In Tsinia she is Thya, heir to the throne and gifted with magical abilities, destined to fulfil an ancient prophecy. Her people are kind and peaceful, desperate to forget the evil that looms over them. When she refuses a betrothal to an enemy prince to stop the oncoming war, her act of rebellion sparks old tensions and threatens the future of the kingdom.
As well as battling to save her kinsmen, she is battling with a power within her that is threatening to take over her body, mind, and soul. All while falling for one whose heart she can never have. Thya must find a balance between her needs and those of her people, but in order to do so, she must fight against destiny itself – and forge her own fate, no matter the cost.
This duology includes Illusional Reality and The Quest
Targeted Age Group:: YA
Heat/Violence Level: Heat Level 1 – G Rated Clean Read
What Inspired You to Write Your Book?
The films and books of Tolkien, Rowling, Pullman and the list goes on.
How Did You Come up With Your Characters?

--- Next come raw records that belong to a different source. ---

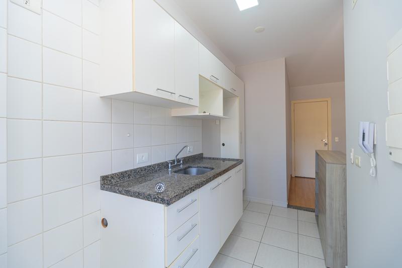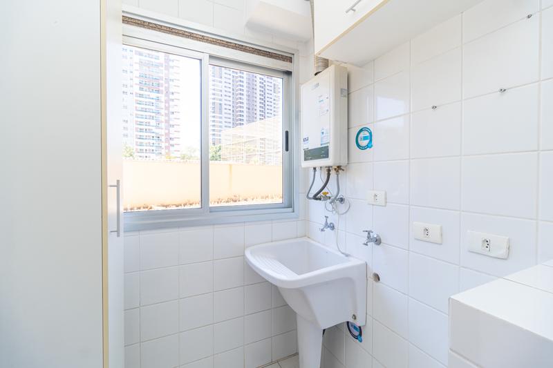 O imóvel conta com sala ampla e bem iluminada para dois ambientes, com acesso à sacada. A cozinha possui armários planejados e é integrada à área de serviço, oferecendo mais praticidade no dia a dia.
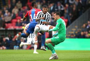 Newcastle United goalkeeper Martin Dubravka (right) clashes with DeAndre Yedlin (centre) and Crystal Palace’s Jordan Ayew during the Premier League match at Selhurst Park, London. PRESS ASSOCIATION Photo.
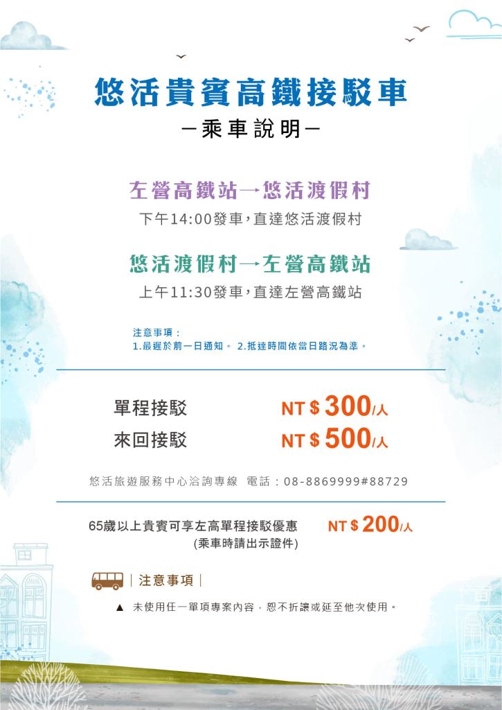 渡假村也有提供高鐵左營站至園區的付費接駁車服務,有需也可以與渡假村預約哦。

I classed Thya, the female lead, as myself. So I went through her experiences and felt her emotions. I put in a forbidden romance that neither could ignore. And then thrown in a huge twist about Thya's own unique power. Nothing is what it seems.
I wanted a good vs evil but with a twist. So, I had to pick two evil characters, father and son.
Kovon, is very much like his father but he's sly and has a secret, even his father doesn't know about. Darthorn, the Warlord, is pure evil and is willing to sacrifice his son, his only heir, for the power he demands. So there is a huge showdown between father and son.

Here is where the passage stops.